Independent: for any finite choice of random variable in the sequence, it holds

\[ \begin{equation*} P[X_{n_1} \in A_{1}, \ldots, X_{n_l} \in A_l] = P[X_{n_1} \in A_1]\cdots P[X_{n_l} \in A_l] = \prod_{k=1}^l P[X_{n_k} \in A_{n_k}] \end{equation*} \]
Identically distributed: Each random variable has the same CDF, that is

\[ \begin{equation} F_{X_n}(x) := P[X_n \leq x] = P[X_1\leq x] = F_{X_1}(x) \end{equation} \]

When this sequence is iid we denote by \(X:=X_1\) with \(\mu =E[X]\) as well as \(\sigma = E[(X - \mu)^2]^{1/2}\) the mean and standard deviation of this random variable. We further denote by \(S_N\) the random variable given by the arithmetic mean

\[ \begin{equation} S_N = \frac{1}{N}\sum_{k=1}^N X_k \end{equation} \]

And the residual error \(\varepsilon_N\) given by

\[ \begin{equation} \varepsilon_N = S_N -\mu \end{equation} \]

Law of Large Number Theorem:

The arithmetic (or sample) mean converges almost surely against the mean \(\mu\), that is

\[ \begin{equation} S_N(\omega) = \frac{1}{N}\sum_{k=1}^N X_k(\omega) \longrightarrow E[X] = \mu \end{equation} \]

for (almost) whatever chosen state \(\omega \in \Omega\).

Central Limit Theorem:

The normalized error converges in distribution to a standard normal distribution, that is

\[ \begin{equation} \frac{\sqrt{N}}{\sigma}\varepsilon_N = \frac{\sqrt{N}}{\sigma}\left(S_N - \mu\right) \longrightarrow \mathcal{N}(0, 1) \end{equation} \]

Or in other terms

\[ \begin{equation} \varepsilon_N \approx \mathcal{N}\left(0,\frac{\sigma^2}{N}\right) \end{equation} \]

For \(N\) large enough.

In terms of integration, we therefore have a way to approximate the integral of \(X\) with \(S_N\), and have an estimate of the approximation error \(\varepsilon_N\). However, in comparison to the standard integration, our approximation of the integral is now a random variable \(S_N(\omega)\). Even if for every state \(\omega\) it converges, the rate of the convergence depends on \(\omega\). Looking at the error \(\varepsilon_N\) it is similar, it is also a random variable that converges in distribution to a normal distribution.

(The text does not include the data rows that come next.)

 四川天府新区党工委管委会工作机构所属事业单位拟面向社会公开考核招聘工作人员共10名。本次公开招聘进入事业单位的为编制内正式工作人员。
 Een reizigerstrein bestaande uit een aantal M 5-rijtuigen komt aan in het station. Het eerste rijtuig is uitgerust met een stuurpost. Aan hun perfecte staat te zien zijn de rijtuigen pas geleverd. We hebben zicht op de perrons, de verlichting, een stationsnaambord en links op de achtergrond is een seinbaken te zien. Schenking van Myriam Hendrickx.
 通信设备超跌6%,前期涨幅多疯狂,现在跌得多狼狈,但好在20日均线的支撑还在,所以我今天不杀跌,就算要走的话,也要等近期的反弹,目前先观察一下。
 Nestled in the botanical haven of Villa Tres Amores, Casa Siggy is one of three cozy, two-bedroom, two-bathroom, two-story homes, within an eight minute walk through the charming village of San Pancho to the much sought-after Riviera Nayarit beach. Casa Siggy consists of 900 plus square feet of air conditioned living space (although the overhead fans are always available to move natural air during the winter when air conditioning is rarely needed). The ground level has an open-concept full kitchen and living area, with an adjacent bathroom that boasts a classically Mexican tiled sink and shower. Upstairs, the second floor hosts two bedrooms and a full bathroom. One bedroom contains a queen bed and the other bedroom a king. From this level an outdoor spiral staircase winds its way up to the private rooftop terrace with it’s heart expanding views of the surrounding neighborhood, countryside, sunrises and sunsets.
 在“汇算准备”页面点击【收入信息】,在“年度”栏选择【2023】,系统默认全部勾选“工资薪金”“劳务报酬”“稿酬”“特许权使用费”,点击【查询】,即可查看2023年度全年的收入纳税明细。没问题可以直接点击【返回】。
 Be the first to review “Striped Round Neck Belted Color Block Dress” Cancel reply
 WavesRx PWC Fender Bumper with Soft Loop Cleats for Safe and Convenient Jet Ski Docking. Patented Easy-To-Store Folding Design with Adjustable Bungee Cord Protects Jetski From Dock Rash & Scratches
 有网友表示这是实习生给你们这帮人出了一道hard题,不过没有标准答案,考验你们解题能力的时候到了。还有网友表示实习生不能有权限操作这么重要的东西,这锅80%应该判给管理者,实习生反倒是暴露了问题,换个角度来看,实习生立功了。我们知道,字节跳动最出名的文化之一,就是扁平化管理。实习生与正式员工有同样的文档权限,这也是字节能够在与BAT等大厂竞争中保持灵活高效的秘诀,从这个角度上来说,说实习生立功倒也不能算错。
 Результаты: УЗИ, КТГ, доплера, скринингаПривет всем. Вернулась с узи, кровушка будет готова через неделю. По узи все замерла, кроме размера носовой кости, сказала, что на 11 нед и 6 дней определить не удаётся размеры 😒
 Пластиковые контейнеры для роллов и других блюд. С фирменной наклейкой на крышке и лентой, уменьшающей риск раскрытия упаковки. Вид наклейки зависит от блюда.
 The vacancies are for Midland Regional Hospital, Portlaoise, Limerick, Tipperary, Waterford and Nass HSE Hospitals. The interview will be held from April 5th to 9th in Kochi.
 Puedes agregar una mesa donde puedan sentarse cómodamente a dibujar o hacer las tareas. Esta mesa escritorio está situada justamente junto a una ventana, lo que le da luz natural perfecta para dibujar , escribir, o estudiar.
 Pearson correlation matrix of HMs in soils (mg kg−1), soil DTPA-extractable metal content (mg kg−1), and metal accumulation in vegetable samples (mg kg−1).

Let us have a look at the error. Since it is a random variable, I want to know what is the probability that this error will be larger than \(\delta>0\). Since \(\frac{\sqrt{N}}{\sigma}\varepsilon_N \approx \mathcal{N}(0, 1)\) which is the normal distribution, we denote by

\[ \begin{equation*} \varphi(x) = \frac{e^{-x^2/2}}{\sqrt{2\pi}} \quad \text{and}\quad \Phi(x) = \int_{-\infty}^x \varphi(y) dy \end{equation*} \]

which are respectively the pdf and the cdf of a standart normal distribution. Note that since the standard normal distribution is symetric, it follows that if \(Z\sim \mathcal{N}(0,1)\):

\[ \begin{equation} P[|Z|>\alpha] = \int_{-\infty}^{-\alpha} \varphi(x) dx + \int_{\alpha}^\infty \varphi(x)dx = 2\int_{-\infty}^{-\alpha}\varphi(x)dx = 2\Phi(-\alpha) \end{equation} \]

Now looking at the error, we want to estimate the probability that it is going to be smaller than \(\delta\). We have the following estimate

\[ \begin{align} P\left[\left|S_N - \mu \right|\geq \delta\right] & = P\left[\left|\varepsilon_N\right|\geq \delta\right]\\ & = P\left[\frac{\sqrt{N}}{\sigma}\left|\varepsilon_N\right|\geq \frac{\sqrt{N}}{\sigma}\delta\right]\\ &\approx P\left[\left|Z\right|\geq \frac{\sqrt{N}}{\sigma}\delta\right]\\ & = 2\Phi\left(-\frac{\sqrt{N}}{\sigma}\delta\right)\\ \end{align} \]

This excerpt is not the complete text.